In the analysis of images for detecting potential pathology, artificial intelligence (AI) is showing enormous promise across multiple fields of medicine. But the technology in dermatology is bound to fail in skin of color if training does not specifically address these skin types, according to Adewole S. Adamson, MD, who outlined this issue at the American Academy of Dermatology Virtual Meeting Experience.
Dr Adewole Adamson
“Machine learning algorithms are only as good as the inputs through which they learn. Without representation from individuals with skin of color, we are at risk of creating a new source of racial disparity in patient care,” Adamson, assistant professor in the division of dermatology, department of internal medicine, University of Texas at Austin, said at the meeting.
Diagnostic algorithms using AI are typically based on deep learning, a subset of machine learning that depends on artificial neural networks. In the case of image processing, neural networks can “learn” to recognize objects, faces, or, in the realm of health care, disease, from exposure to multiple images.
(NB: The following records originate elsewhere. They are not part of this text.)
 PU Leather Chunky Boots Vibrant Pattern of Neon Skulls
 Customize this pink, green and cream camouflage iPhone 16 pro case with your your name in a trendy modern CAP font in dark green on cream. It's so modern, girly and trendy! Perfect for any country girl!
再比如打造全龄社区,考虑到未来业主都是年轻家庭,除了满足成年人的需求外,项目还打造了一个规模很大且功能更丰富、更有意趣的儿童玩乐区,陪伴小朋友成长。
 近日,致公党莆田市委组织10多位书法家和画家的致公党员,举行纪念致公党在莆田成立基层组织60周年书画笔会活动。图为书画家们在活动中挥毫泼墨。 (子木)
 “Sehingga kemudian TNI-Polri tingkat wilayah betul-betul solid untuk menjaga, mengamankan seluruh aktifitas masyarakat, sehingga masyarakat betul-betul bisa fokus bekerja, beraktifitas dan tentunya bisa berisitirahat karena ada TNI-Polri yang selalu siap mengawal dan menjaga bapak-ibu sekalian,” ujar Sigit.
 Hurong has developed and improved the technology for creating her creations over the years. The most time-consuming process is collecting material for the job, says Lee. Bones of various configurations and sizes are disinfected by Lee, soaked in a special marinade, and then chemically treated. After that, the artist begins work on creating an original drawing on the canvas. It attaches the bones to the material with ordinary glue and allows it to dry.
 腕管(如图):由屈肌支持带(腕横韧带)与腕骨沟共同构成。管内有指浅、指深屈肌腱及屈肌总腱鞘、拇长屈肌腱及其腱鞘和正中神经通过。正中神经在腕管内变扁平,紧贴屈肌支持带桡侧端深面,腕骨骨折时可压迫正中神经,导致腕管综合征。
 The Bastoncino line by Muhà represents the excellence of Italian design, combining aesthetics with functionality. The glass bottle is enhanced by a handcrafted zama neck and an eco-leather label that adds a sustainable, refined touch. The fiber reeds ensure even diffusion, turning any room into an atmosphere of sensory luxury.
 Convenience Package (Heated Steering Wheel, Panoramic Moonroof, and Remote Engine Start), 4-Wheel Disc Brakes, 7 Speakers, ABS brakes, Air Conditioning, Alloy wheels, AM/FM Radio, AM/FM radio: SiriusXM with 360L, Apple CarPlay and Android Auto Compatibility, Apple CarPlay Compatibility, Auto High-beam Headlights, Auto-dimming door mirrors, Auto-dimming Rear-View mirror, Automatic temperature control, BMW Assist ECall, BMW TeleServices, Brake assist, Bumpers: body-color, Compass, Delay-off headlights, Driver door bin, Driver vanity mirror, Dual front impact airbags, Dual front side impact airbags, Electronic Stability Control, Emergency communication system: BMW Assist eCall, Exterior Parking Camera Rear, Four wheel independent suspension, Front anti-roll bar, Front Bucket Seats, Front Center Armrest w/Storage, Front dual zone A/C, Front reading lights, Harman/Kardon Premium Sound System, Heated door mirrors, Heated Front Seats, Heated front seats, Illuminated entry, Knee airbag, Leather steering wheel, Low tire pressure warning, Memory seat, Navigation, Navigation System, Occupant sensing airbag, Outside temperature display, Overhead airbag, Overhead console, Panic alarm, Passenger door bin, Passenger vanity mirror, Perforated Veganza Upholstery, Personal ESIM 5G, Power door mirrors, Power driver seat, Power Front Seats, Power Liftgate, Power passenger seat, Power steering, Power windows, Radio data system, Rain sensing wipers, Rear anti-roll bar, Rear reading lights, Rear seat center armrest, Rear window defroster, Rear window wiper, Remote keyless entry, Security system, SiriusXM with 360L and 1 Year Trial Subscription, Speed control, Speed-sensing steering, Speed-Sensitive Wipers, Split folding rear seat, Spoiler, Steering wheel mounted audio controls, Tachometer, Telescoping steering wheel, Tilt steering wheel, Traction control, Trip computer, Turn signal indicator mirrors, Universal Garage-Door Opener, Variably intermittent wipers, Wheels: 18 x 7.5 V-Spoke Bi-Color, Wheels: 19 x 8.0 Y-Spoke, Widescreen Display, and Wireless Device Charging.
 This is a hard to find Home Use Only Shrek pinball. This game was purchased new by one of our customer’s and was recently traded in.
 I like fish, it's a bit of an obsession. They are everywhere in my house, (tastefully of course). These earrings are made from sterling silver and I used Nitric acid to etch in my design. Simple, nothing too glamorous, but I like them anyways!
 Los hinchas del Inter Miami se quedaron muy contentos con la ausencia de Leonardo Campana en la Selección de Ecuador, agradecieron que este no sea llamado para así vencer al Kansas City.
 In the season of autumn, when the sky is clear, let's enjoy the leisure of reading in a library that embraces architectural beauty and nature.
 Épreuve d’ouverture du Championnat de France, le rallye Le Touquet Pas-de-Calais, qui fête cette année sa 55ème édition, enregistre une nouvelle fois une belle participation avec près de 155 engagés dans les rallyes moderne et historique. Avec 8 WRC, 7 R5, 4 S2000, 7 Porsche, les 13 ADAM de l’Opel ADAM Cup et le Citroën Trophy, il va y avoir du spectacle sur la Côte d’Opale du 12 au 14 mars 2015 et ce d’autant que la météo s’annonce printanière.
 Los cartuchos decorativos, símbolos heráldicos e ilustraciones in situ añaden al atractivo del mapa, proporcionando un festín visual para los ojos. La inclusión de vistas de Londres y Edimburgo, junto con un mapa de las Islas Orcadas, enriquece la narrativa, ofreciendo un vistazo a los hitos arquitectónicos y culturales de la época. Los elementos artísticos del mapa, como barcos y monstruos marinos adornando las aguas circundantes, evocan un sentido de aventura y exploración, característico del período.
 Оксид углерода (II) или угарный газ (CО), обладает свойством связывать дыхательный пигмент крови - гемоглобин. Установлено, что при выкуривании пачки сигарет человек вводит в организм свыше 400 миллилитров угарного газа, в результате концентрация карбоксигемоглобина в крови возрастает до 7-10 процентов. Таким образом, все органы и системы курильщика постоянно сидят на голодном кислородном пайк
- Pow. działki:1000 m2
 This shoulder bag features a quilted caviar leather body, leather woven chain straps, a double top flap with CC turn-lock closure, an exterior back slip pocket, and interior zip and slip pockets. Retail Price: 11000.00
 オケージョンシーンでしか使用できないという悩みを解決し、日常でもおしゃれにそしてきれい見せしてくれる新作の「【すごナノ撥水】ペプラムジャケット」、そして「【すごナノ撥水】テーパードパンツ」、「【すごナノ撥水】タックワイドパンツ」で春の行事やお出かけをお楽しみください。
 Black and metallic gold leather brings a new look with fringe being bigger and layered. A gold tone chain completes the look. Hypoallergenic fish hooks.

There are many other variables that affect the accuracy of deep learning for diagnostic algorithms, including the depth of the layering through which the process distills multiple inputs of information, but the number of inputs is critical. In the case of skin lesions, machines cannot learn to recognize features of different skin types without exposure.
“There are studies demonstrating that dermatologists can be outperformed for detection of skin cancers by AI, so this is going to be an increasingly powerful tool,” Adamson said. The problem is that “there has been very little representation in darker skin types” in the algorithms developed so far.
The risk is that AI will exacerbate an existing problem. Skin cancer in darker skin is less common but already underdiagnosed, independent of AI. Per 100,000 males in the United States, the rate of melanoma is about 30-fold greater in White men than in Black men (33.0 vs. 1.0). Among females, the racial difference is smaller but still enormous (20.2 vs. 1.2 per 100,000 females), according to U.S. data.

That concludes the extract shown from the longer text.